# Symmetric Matrices

In [1]:
%matplotlib inline
%config InlineBackend.figure_format='retina'
# import libraries
import numpy as np
import matplotlib as mp
import pandas as pd
import matplotlib.pyplot as plt
import laUtilities as ut
import slideUtilities as sl
import demoUtilities as dm
import pandas as pd
from importlib import reload
from datetime import datetime
from IPython.display import Image
from IPython.display import display_html
from IPython.display import display
from IPython.display import Math
from IPython.display import Latex
from IPython.display import HTML
print('')




Today we'll study a very important class of matrices: __symmetric__ matrices.

We'll see that symmetric matrices have properties that relate to both eigendecomposition, and orthogonality.   

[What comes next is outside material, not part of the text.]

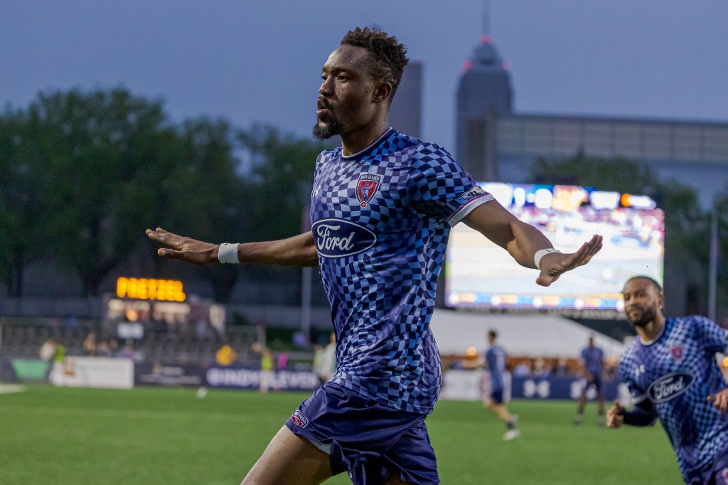 (May 6, 2025) Tampa, Fla. – Indy Eleven forward Elvis Amoh is on the USL Championship Team of the Week for weeks 8/9 after scoring two goals for the second consecutive match to rally his team to a 2-2 draw against USL Eastern Conference rival Detroit City FC at Carroll Stadium on Saturday.

Furthermore, symmetric matrices open up a broad class of problems we haven't yet touched on: constrained optimization.

As a result, symmetric matrices arise very often in applications.

__Definition.__ A symmetric matrix is a matrix $\,A$ such that $\;A^T = A$.   

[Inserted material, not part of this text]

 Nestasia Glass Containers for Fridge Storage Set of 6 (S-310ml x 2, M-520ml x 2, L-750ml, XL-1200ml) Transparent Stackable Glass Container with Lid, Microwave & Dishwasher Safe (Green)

Clearly, such a matrix is square.

Furthermore, the entries that are not on the diagonal come in pairs, on opposite sides of the diagonal.

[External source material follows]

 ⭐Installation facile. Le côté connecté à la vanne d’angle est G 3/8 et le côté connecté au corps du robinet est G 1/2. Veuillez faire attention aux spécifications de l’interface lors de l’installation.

__Example.__ Here are three __symmetric__ matrices:

$$\mat{{rr}1&0\\0&-3},\;\;\;\;\mat{{rrr}0&-1&0\\-1&5&8\\0&8&-7},\;\;\;\;\mat{{ccc}a&b&c\\b&d&e\\c&e&f}$$

Here are three __nonsymmetric__ matrices:

$$\mat{{rr}1&-3\\3&0},\;\;\;\;\mat{{rrr}0&-4&0\\-6&1&-4\\0&-6&1},\;\;\;\;\mat{{cccc}5&4&3&2\\4&3&2&1\\3&2&1&0}$$

## Orthogonal Diagonalization

First, we'll look at a remarkable property of symmatric matrices: their eigenvectors are __orthogonal__.

__Example.__ Diagonalize the following symmetric matrix:

$$A = \mat{{rrr}6&-2&-1\\-2&6&-1\\-1&-1&5}$$

__Solution.__

The characteristic equation of $A$ is

$$0 = -\lambda^3 + 17\lambda^2 -90\lambda + 144 $$

$$ = -(\lambda-8)(\lambda-6)(\lambda-3)$$

So the eigenvalues are 8, 6, and 3.

We construct a basis for each eigenspace (using our standard method of finding the nullspace of $A-\lambda I$):

$$\lambda_1 = 8: \vv_1 = \mat{{r}-1\\1\\0};\;\;\;\;\lambda_2=6: \vv_2 = \mat{{r}-1\\-1\\2};\;\;\;\;\;\lambda_3=3: \vv_3=\mat{{r}1\\1\\1}$$

These three vectors form a basis for $\R^3.$

More interestingly, these three vectors are __mutually orthogonal.__

For example, 

$$\vv_1^T\vv_2 = (-1)(-1) + (1)(-1) + (0)(2) = 0$$

That is $\{\vv_1, \vv_2, \vv_3\}$ is an _orthogonal_ basis for $\R^3.$

Let's normalize these vectors so they each have length 1:

$$\vu_1 = \mat{{r}-1\sqrt{2}\\1/\sqrt{2}\\0};\;\;\;\;\vu_2 = \mat{{r}-1/\sqrt{6}\\-1/\sqrt{6}\\2/\sqrt{6}};\;\;\;\;\; \vu_3=\mat{{r}1/\sqrt{3}\\1/\sqrt{3}\\1/\sqrt{3}}$$

Now let's write the diagonalization of $A$ in terms of these eigenvectors and eigenvalues:

$$P = \mat{{rrr}-1/\sqrt{2}&-1/\sqrt{6}&1/\sqrt{3}\\1/\sqrt{2}&-1/\sqrt{6}&1/\sqrt{3}\\0&2/\sqrt{6}&1/\sqrt{3}},\;\;\;\;D = \mat{{ccc}8&0&0\\0&6&0\\0&0&3}.$$

Then, $A = PDP^{-1},$ as usual.

But, here is the interesting thing:  $P$ is square and has orthonormal columns.   So $P$ is an __orthogonal__ matrix.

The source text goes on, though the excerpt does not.